Сначала это огорчило его: ангина нарушила все планы. Но потом он с каким-то удовольствием подумал, что несколько дней можно будет не ездить в институт, не встречаться с Грачевым.
Он медленно оделся, вышел на улицу. Из автомата позвонил Шувалову. Голос Гриши в трубке звучал неожиданно низко.
— Ты куда вчера девался? Хватились потом: где Валя? — Голос Шувалова был деланно безразличным и смешливым.
Борисов поморщился.
— Я плохо себя чувствовал, сегодня совсем разболелся. Еле добрел до будки.
— Что случилось? — с недоверчивой интонацией спросил Шувалов.
— Да ангина, видимо, и температура. Премерзкое самочувствие. Ты скажи там, — ему трудно было даже называть имя Грачева, — что я залег.
— Хорошо, — уже серьезно ответил Шувалов и спросил: — Может, подъехать, Валька, помочь чем-нибудь?
— Спасибо. Я сейчас сам схожу в аптеку, а еда есть. — Он помолчал, закрыв глаза.
— Ну, может, книги нужны из библиотеки?
— Да нет. Вот если только… но это совсем не обязательно, привезешь мне отзыв. Я, может, пока валяюсь, чего-нибудь обдумаю.
— Хорошо, привезу.
— Ну, спасибо. Пока.
Свет раздражал Борисова, и он задернул в комнате шторы. В полумраке казалось, что тело потеряло вес, только кисти рук почему-то были тяжелыми. Он лежал с ощущением ломоты в суставах и тяжести в груди, стараясь не шевелить губами, потому что это отдавалось болью в горле. Он даже с каким-то удовольствием погружался в болезненные ощущения, лишь бы не думать. Временами приходила короткая дремота, и Борисову казалось, что он плывет и постель под ним качается, как плот на волнах.
Ночью ему стало легче; температура спала.
Он лежал в сумраке с открытыми глазами, и снова к нему пришел Анастасий Спонтэсцил…
…Был третий день первого весеннего месяца Фарвардина.
Солнце из узких верхних окон косыми лезвиями лучей освещало библиотеку в ктезифонском дворце шаханшаха, и тонкая книжная пыль столбиками стояла у каменных ниш с драгоценными книгами. Здесь были глиняные плиты из Александрии, свитки папируса, латинские консульские диптихоны из слоновой кости; свитки тонкого китайского шелка с письменами черной и красной тушью; мудрецы Аристотель и Платон, — все было собрано здесь. Больше всех библиотеку пополнил дед теперешнего шаха, Хосрой Великий, как его звали на Западе.

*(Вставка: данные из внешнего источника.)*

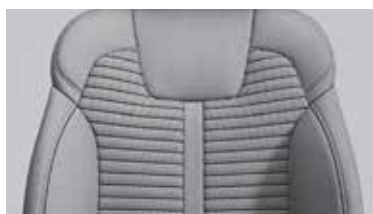
Ткань с тиснением
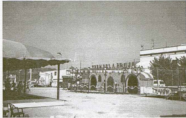
Aquest any la fira s'ubicà a la plaça St. Jordi.

Un cop tothom hagué sopat hi havia diversos actes als quals poder-lo pair: pels joves, concert hardcore o cinema jove amb la pel·lícula "Transporting"; pels no tan joves Ball de Nit amb el conjunt Orgue de Gats al pati de l'IES; i pels joves i no tan joves el concert que va oferir el grup Xarop de Canya a la plaça de l'església.
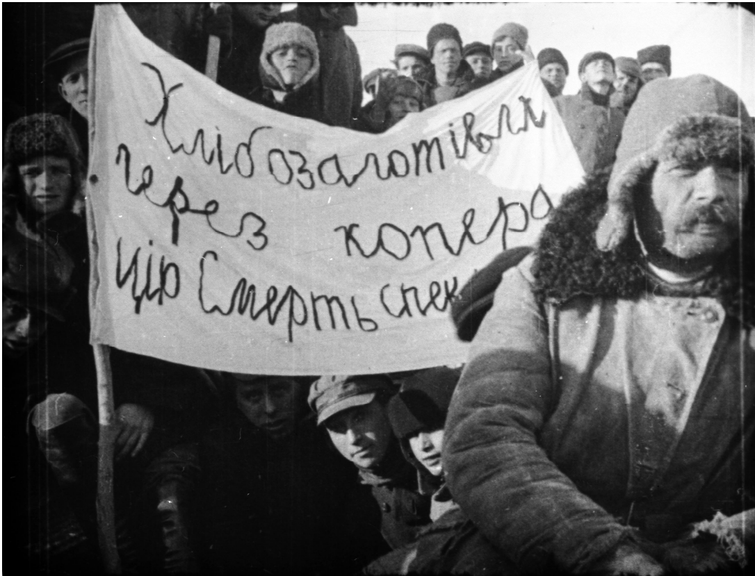
Селяни здають зерно державі в с. Іллінці Вінницької округи. 1929 р. Од. обл. 0-97388
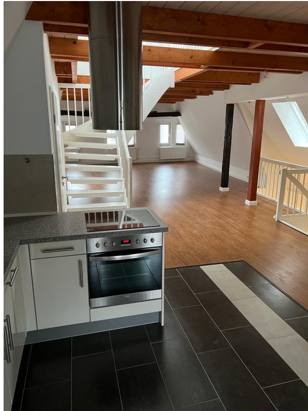
Blick ins Wohnzimmer

Были здесь и труды персидских мудрецов — тридцатитомный трактат о всех известных на земле ядах и противоядиях. Трактат имел практическое значение, потому что часто, очень часто в персидском государстве умирали знатные от неизвестных ядов.

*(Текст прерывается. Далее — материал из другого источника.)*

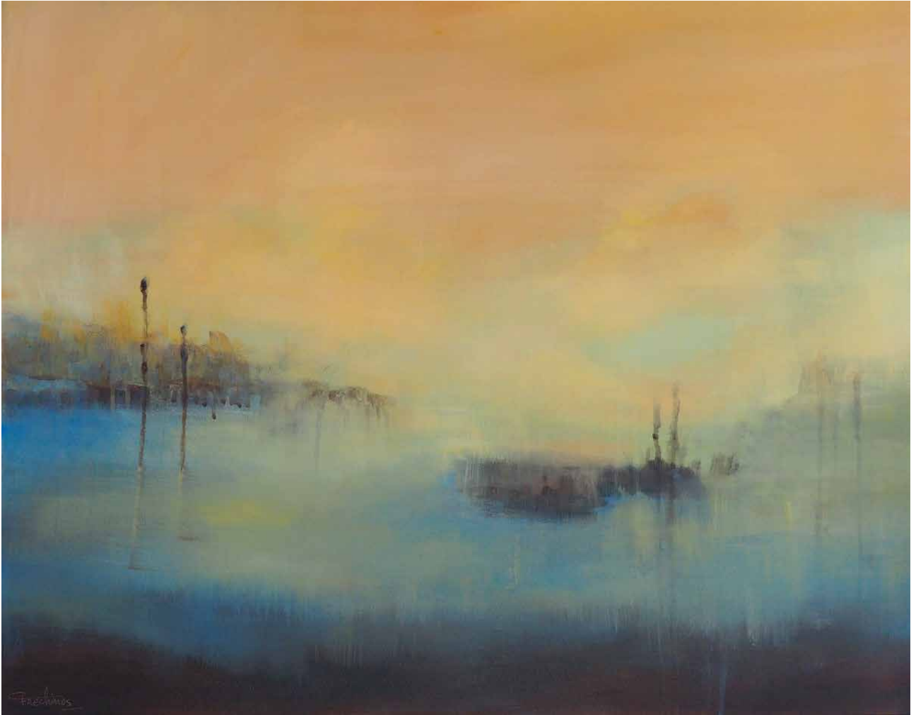
© Archipels 2 - Acrylique 73 x 92 cm - Caroline FRECHINOS
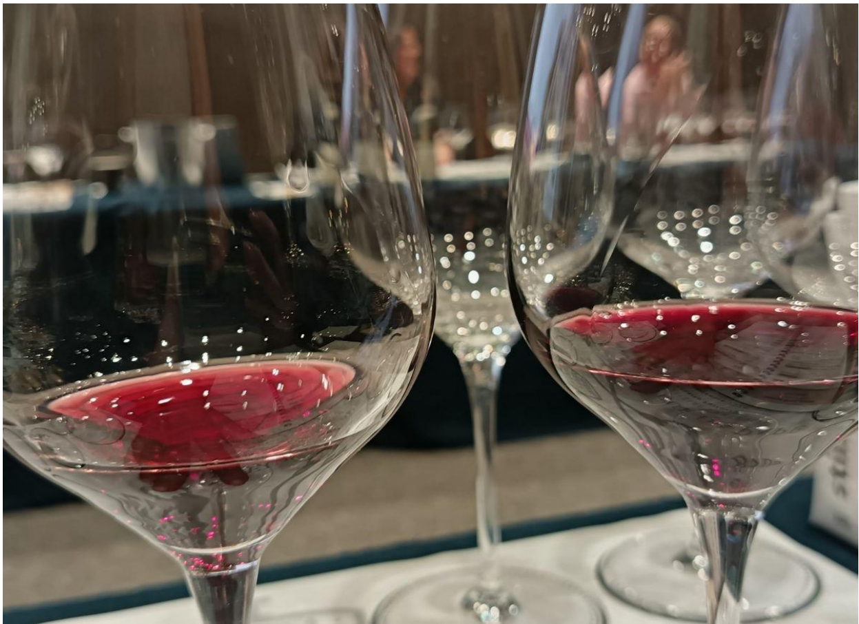
I rossi di Châteauneuf-du-Pape, famosi nel mondo per le loro diverse sfumature.

La capacità di coniugare profondità e freschezza e le sabbie calcaree accomunano invece Clos du Caillou Les Safres 2022 e Domaine Font de Courtedune Tradition 2021 , vinificato a grappolo intero. Due vini su territori vicini ma diversi nell'approccio e nell'affinamento. In comune, il Grenache (quasi) in purezza.
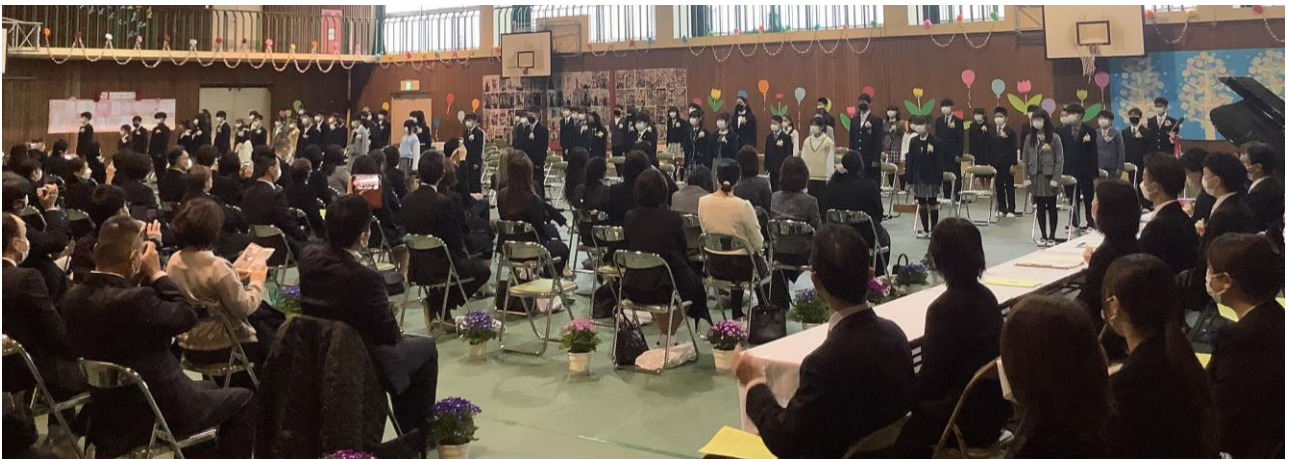
6年生からの贈り物です。

そして、3月18日の卒業証書授与式は予定通り、卒業生、保護者、教職員で行われました。お家の方も1家族2名まで来ていただくことができました。6年生の堂々とした卒業証書を受け取る姿、心を込めた呼びかけ、そして、美しい声で心に響く歌。厳粛な中にも温かさのあるとてもいい卒業証書授与式でした。
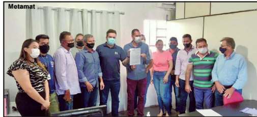
Inauguração do escritório regional da Metamat no município de Nova Bandeirantes

Empresa estadual também renovou termo de cooperação com escritório de Alta Floresta e entregou laudo de aterro sanitário ao município
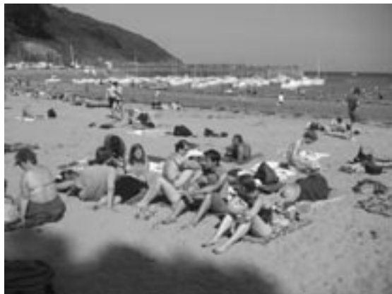
Festo ĉe maro...
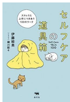
『セルフケアの道具箱』 伊藤給美著、2020年
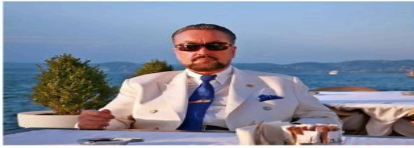
حاوره محمد حكيمون
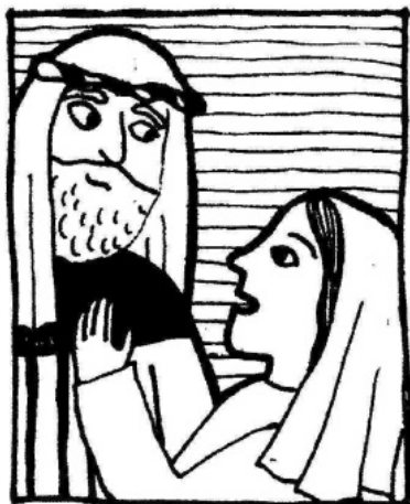
SOUDECE + VDOVA

jen dokáže pomoci těm, kdo o to žádají, pak Bůh zajisté učiní pro vás víc, když ho požádáte o pomoc, protože on vás miluje.“
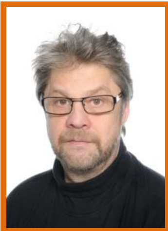
2 Juhani Aho
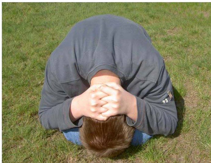
Pozycja żółwia przodem
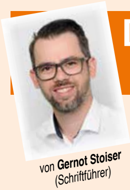
von Gernot Stoiser (Schriftführer)

Спонтэсцила удивляло, что и христианские книги — сирийские, греческие и латинские — есть в библиотеке. И теперь он был хранителем всех этих книг. Младший Бавендид сдержал свое слово. У сына ромейского патрикия теперь будет твердое жалованье и возможность читать мудрые книги, слагать латинские стихи, громкие, как звон меди, или протяжные, торжественно-плавные греческие. А может, он будет писать на персидском, хотя пока это трудно.